In late October 1919, Clint Price, owner of the Advocate-Tribune wrote about community spirit and what makes some localities more desirable than others. His article defined a contented people as taking an unselfish interest in the affairs of others while participating in worldly interests without smothering local traditions.
Editor Price’s thinking wasn’t random. He was soliciting support for a new property tax to build a memorial honoring Warren County soldiers and sailors from all wars. The proposed structure would take the form of a public hospital.
Despite every precinct voting the referendum down, Price and others pursued an alternate idea eight months later. Once again, community spirit lacked lift-off for a memorial hall and armory. The idea fizzled after several committee meetings.
Since Indianola’s 1864 incorporation as a real bona fide city, community pride and responsibility have been leveraged to rally, influence and sway. While this included annual springtime mayoral proclamations to remove “ashes, garbage, manure, tree branches, tin cans, broken china and glassware” from properties and backyard alleys, it also meant shopping local. This included buying locally manufactured cigars, which were legal despite a state-wide cigarette ban stretching from 1896-1921.
Henry Hansch purchased the Indianola Cigar Factory in August 1900. While an established long-time Des Moines resident, he’d fallen in love with small town living. The Indianola-Herald wrote this gentle German had forty years in the cigar-making business and was only asking for hometown support. He would deliver “good goods.”
After two years, Henry remained at the helm of a one-man operation doing the stripping, filling, binding, rolling and wrapping with little help. While it was his goal to keep small and local, satisfying a diverse range of hometown preferences remained a challenge.
The Anderson brothers at the Indianola-Herald periodically published a cigar factory update and Henry was always grateful. He merely desired more Indianola businessmen to smoke “home made” cigars instead of those from a foreign house (Des Moines).

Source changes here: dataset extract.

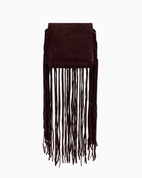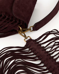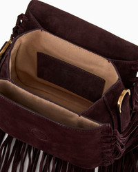The summer spirit also pervades accessories, as can be seen in this refined version of the iconic la Prima shoulder bag. Compact in shape, but big on charm, the fringed frame adorns its curved, feminine, shapes, framing the central body of the suede bag. A one-of-a-kind, exquisite bag that can be worn in three different ways thanks to the double shoulder strap, making it perfect for a wide array of looks. Product Code: Y1E138YVU6D180310 Details Composition 100% Calf-skin leather Embossed, gold-finished Giorgio Armani Milano logo Cross-body bag framed by fringes Magnetic buttoned closure The inside features a card holder, lipstick compartment and vanity mirror with its own slot Light gold plating Fringe trim Measurements: 20 x 16 x 12 cm Made in Italy

This good quiet citizen sold the previous owner’s blends, Jack’s Best and Cut Dime (a nickel favorite), and added his own: Henry’s Best, Key West, Fair Exchange, and American Perfecto. However, Henry hit a hometown homerun when he introduced The Pride of Iowa.
The Pride originated around the time Henry’s son, August, returned from cigar-making in Chicago. Together, father and son turned out stogies by the thousands with new ones like Little Pet and Tom Rush, but The Pride remained the local favorite. Re-introducing the retired Cut Dime in early 1903, Henry died from a “disease of a cancerous nature” before the year’s end.
The Indianola Cigar Factory continued with August making home made stogies free from the filth and dirt plaguing larger operations. Wrapping each and every one like his father, The Pride remained the local leader.
The Anderson boys at the Indianola-Herald continued promoting shopping local. They reported smoking a cigar wrapped by Mr. Hansch, thoughts grow brighter and “Troubles Pass Away.”